[Data records]
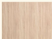
Sonoma Eiche hell 34038 AT
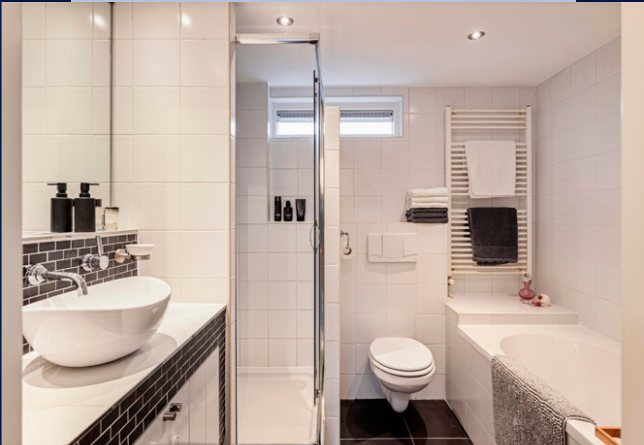
De moderne badkamer heeft een ligbad, wastafel met meubel, vrij hangend toilet en een inloofdouche.
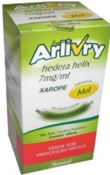
6515-Arlivry100ml cereja 8190-Arlivry100ml cereja c/seringa 8159-Arlivry100ml Mel c/seringa 6516-Arlivry100ml Mel Hedera Helix Referência: Abrilar
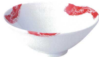
ハ490-21-2 赤三龍 7.5新反深井 (φ22.5×9.2cm 1,450cc) ¥2,500 2206490021
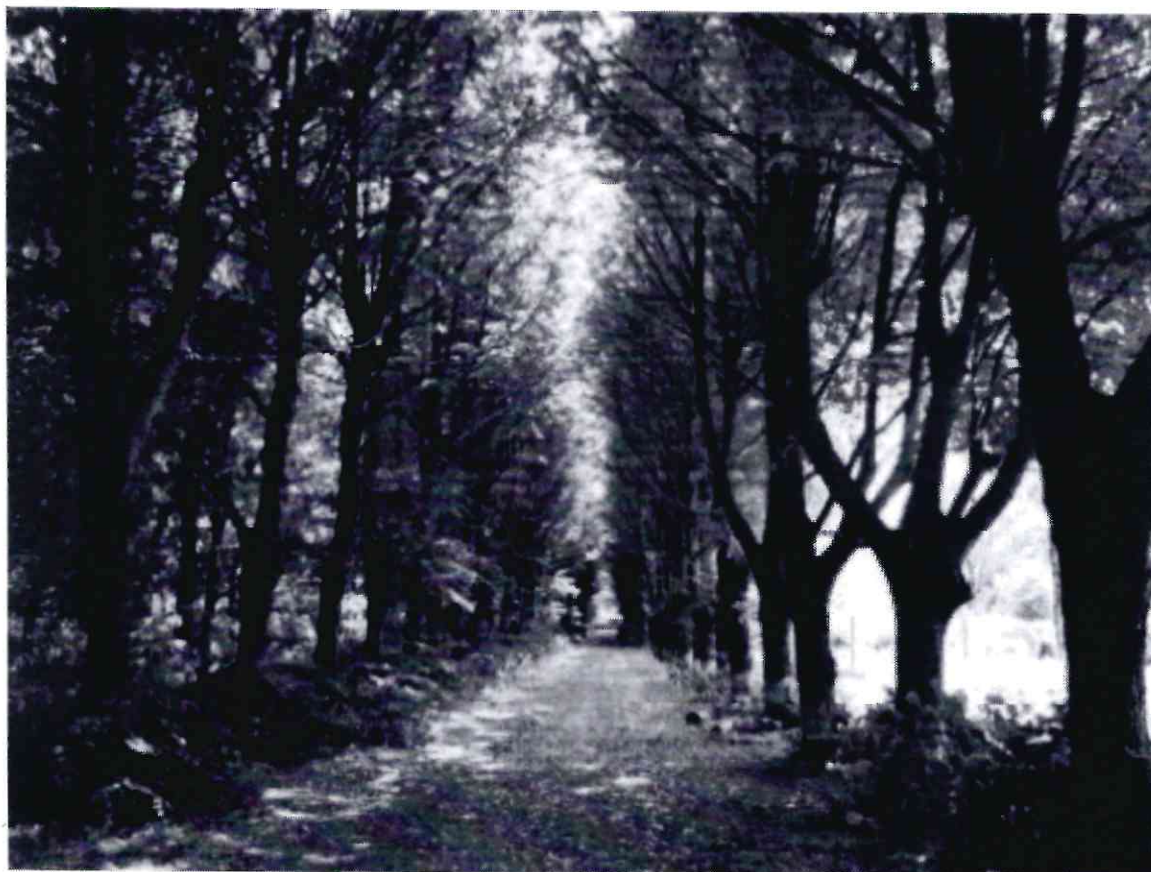
Рисунок 1 - Памятник природы «Липовая аллея»

Дополнительные материалы – фотографии памятника природы или наиболее характерных его частей, картографический материал (карты (схемы) расположения памятника природы и охранной зоны (1:100000, 1:50000), карты (схемы) памятника природы с обозначением границ (1:2000 или 1:500, в зависимости от занимаемой площади), Охранное обязательство, иные материалы.
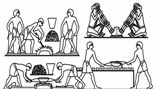
Mural egipcio: Fundición del cobre

Los avances tecnológicos conseguidos por el hombre van aumentando a medida que descubre la existencia de nuevas materias primas. En la denominada Edad de los Metales , comienza la fabricación de utensilios de metal, que acabarán sustituyendo a los más primitivos instrumentos de piedra.
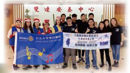
結連台北市樂華扶輪社 社友一起服務
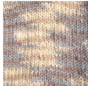
Neu ! 4008 natur-beige-stein
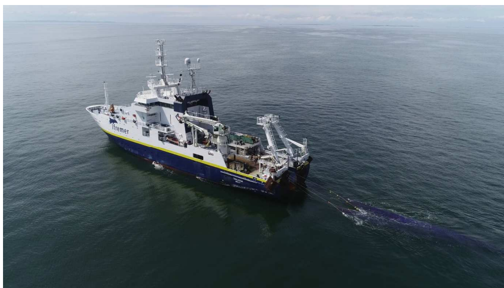
Opération de pêche menée par le Thalassa dans le golfe de Gascogne pour l'évaluation de l'abondance des petits poissons pélagiques

Thalassa , navire de la Flotte océanographique française opérée par l'Ifremer, sillonnera le golfe de Gascogne du 26 avril au 27 mai, accompagné de deux navires de pêche professionnelle, pour évaluer la biomasse des petits poissons pélagiques (ou poissons bleus) comme l'anchois et la sardine. Le navire collecte chaque année depuis près de 20 ans des données sur l'ensemble de l'écosystème pélagique, afin de comprendre comment ces poissons bleus interagissent avec leur environnement physico-chimique (température, salinité...), leurs proies planctoniques et leurs prédateurs (mammifères marins, oiseaux).
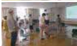
地域住民の健康を願って開催した「病院まつり」「市民公開講座」
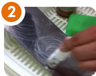
2 次にごま油をこすりつけます
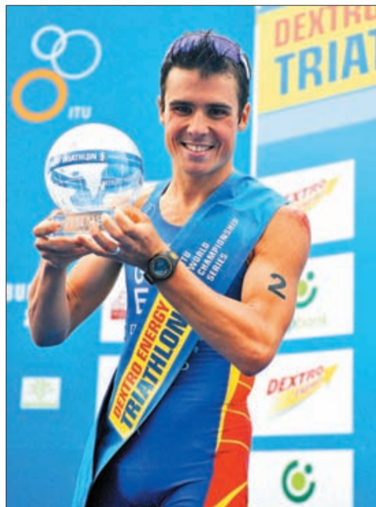
El español posa con el trofeo de campeón

El logro de Gómez Noya es mayor aún si se tiene en cuenta
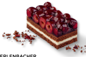
ERLENBACHER Sauerkirschen-Schoko-Sahne-Schnitte* Art.-Nr. 39000832 VE: Vorgeschritten in 12 Port., 1,35kg Preis: 24,20 €
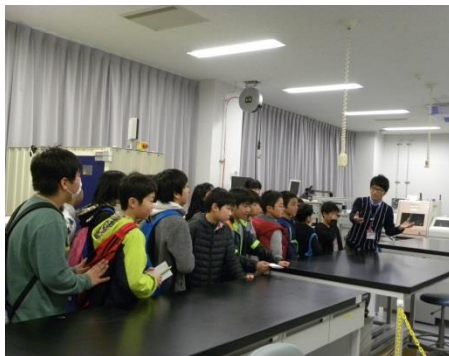
非破壊計測機器の説明@コアロギング室
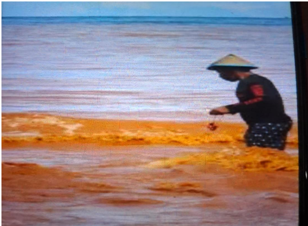
Gambar 5 Air Laut tercemar limbah tambang PT. IMIP (Dokumentasi Tahun 2020)

Berdasarkan jenis kerusakan yang telah dikaji maka peneliti menentukan tingkat kerusakan berdasarkan nilai skoring/harkat terhadap variable dan tolok ukur yang telah ditentukan pada pengamatan lapangan pada lokasi penambnagan dan menentukan indeks pencemaran untuk tingkat kerusakan perairan sungai.
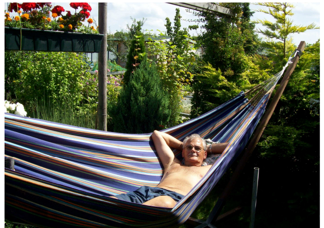
De secretaris gaat het er na de overdracht goed van nemen
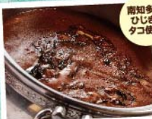
南知多産 ひじき・ タコ使用
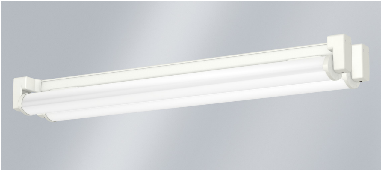
Abb. ggf. abweichend
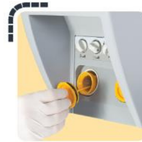
Filtro de residuos
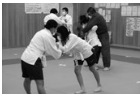
仲間と協力し合い、お互いを高め合う
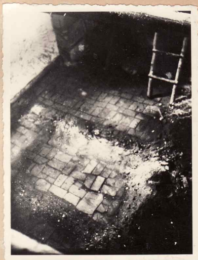
1. Urmele vechii pardoseli de cărămidă găsită sub dușumeaua de scânduri.
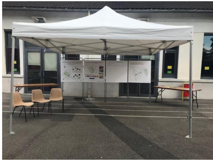
Le stand pour les adolescents avant d'accueillir les participants
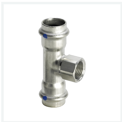
Sanpress Inox LF-T-Stück mit SC-Contur labs-frei (Einzelverpackung) Modell 2317.2LF Artikel 665 647
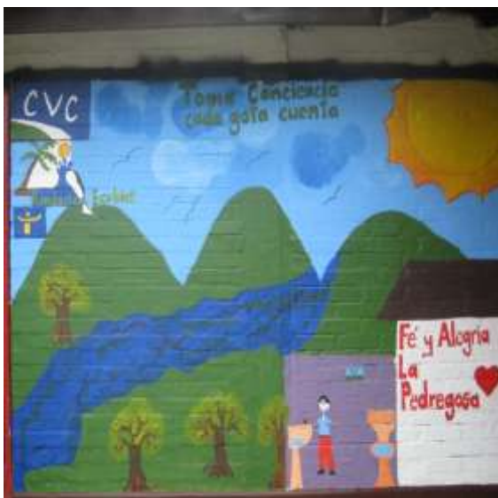
Murales Comuna 18
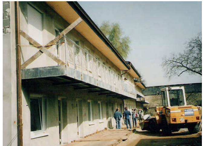
Umbaumaßnahmen der Wohnanlage in der Bornheimer Straße

Derzeit können in unserem Wohnprojekt bis zu 16 Menschen mit schweren chronischen, lebensverkürzenden Krankheiten (z. B. HIV/AIDS, Krebs, COPD oder fortgeschrittenen Lebererkrankungen) leben, die zur Bewältigung ihres Alltages Unterstützung brauchen. Psychosoziale Fachkräfte leisten die Beratung, Begleitung und Betreuung. Sie werden dabei von ehrenamtlichen Mitarbeiterinnen und Mitarbeitern unterstützt.
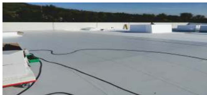
Montáž střešního pláště

Work order: Give again, exactly as written above, each line from the one that has "ハ490-21-2 赤三龍 7.5新反深井" to the one that has "Opération de pêche", both included; omit the pictures.

Solution to this exercise:
ハ490-21-2 赤三龍 7.5新反深井 (φ22.5×9.2cm 1,450cc) ¥2,500 2206490021
Рисунок 1 - Памятник природы «Липовая аллея»

Дополнительные материалы – фотографии памятника природы или наиболее характерных его частей, картографический материал (карты (схемы) расположения памятника природы и охранной зоны (1:100000, 1:50000), карты (схемы) памятника природы с обозначением границ (1:2000 или 1:500, в зависимости от занимаемой площади), Охранное обязательство, иные материалы.
Mural egipcio: Fundición del cobre

Los avances tecnológicos conseguidos por el hombre van aumentando a medida que descubre la existencia de nuevas materias primas. En la denominada Edad de los Metales , comienza la fabricación de utensilios de metal, que acabarán sustituyendo a los más primitivos instrumentos de piedra.
結連台北市樂華扶輪社 社友一起服務
Neu ! 4008 natur-beige-stein
Opération de pêche menée par le Thalassa dans le golfe de Gascogne pour l'évaluation de l'abondance des petits poissons pélagiques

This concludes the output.